Feb 24, 2011
Google made a substantial revision to its search algorithm today, the company says. And while no one in particular is being called out, it’s clear that the big losers are content farms and related spammy-content producers who have been having an absolute field day on Google over the last couple of years.
11.8% of search queries have been “noticeably” updated, says Google – meaning there have been changes in the top 2-3 results.
Google is also making it clear that they have not used user data from a recent Chrome extension they released which lets users block specific sites in Google results that annoy them.
Google is saying they’ve compared the data they’ve collected from that extension to the sites most impacted in the new search rollout. 84% of the most blocked sites via the Chrome extension were impacted, they say.

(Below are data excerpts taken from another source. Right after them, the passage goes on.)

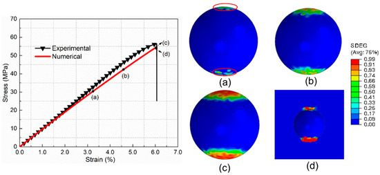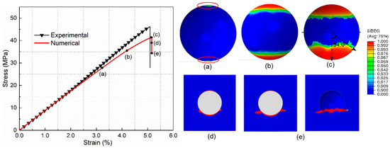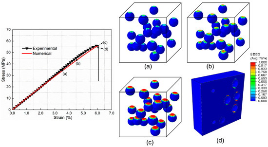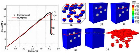 For comparison with the core–shell particle-reinforced composite, the mechanical behavior and damage process of composites incorporated by the raw silica are investigated first. Figure 9 shows the tensile stress–strain curves of raw silica-reinforced composite obtained by the experiment and numerical simulation. It can be seen that the numerical result is in good agreement with the experimental results. The damage initiation and evolution process of PLA/SiO2 under uniaxial tension are presented in Figure 9a–e (SDEG, scalar stiffness degradation variable). Figure 9a illustrates that the main damage mechanism at maximum stress is interfacial debonding. Each particle debonds from the surrounding matrix. After the interface debonding, the maximum microscopic hydrostatic stress concentrates mainly at the tip of the debonding zone, which induces matrix cracking (Figure 9b). Then, the matrix cracking propagates to the nearby debonding particles and extends in the matrix, as presented in Figure 9c,d. Finally, as can be seen from Figure 9e, the interfacial debonding at different locations is linked by the matrix cracks throughout the whole RVE, which causes the ultimate failure of the composite.
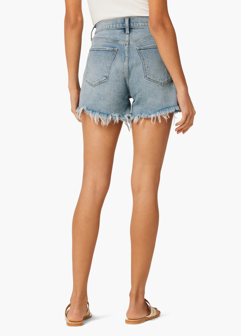 With a high rise and relaxed fit, the Alex is perfectly distressed, delivering a vintage aesthetic. The 'Unbothered' wash is a medium shade with local hand sanding and frayed hems. With a dark contrast on the coin pocket and a slouchy silhouette, the Alex shorts will be a staple for seasons to come.
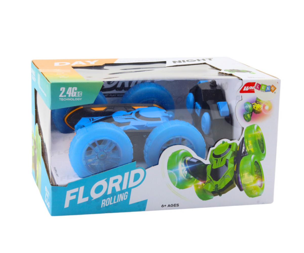 Kaugjuhitav trikiauto RC 360° – sinine on ideaalne mänguasi lastele, kes naudivad kiireid sõite, akrobaatilisi trikke ja dünaamilisi manöövreid. Tänu topeltkülgedega disainile suudab auto sõitu jätkata ka pärast ümberpööramist, mistõttu pole takistused probleemiks.

What are those sites? Google isn’t saying. But the changes are designed to weed out low-value content, they say, such as content copied from other websites or non-useful content. That means sites like Demand Media, Associated Content and Mahalo are likely on the list. In a couple of months traffic data to those sites will likely confirm that they were impacted.
In a post a couple of weeks ago I heavily criticized Google for lack of quality search results, particularly in certain categories like travel and commerce. It’s unclear if these changes will fix all that, but I’m keeping an open mind.
And either way, the time when content farms dominated Google search results may be finally coming to an end. Cheers to that.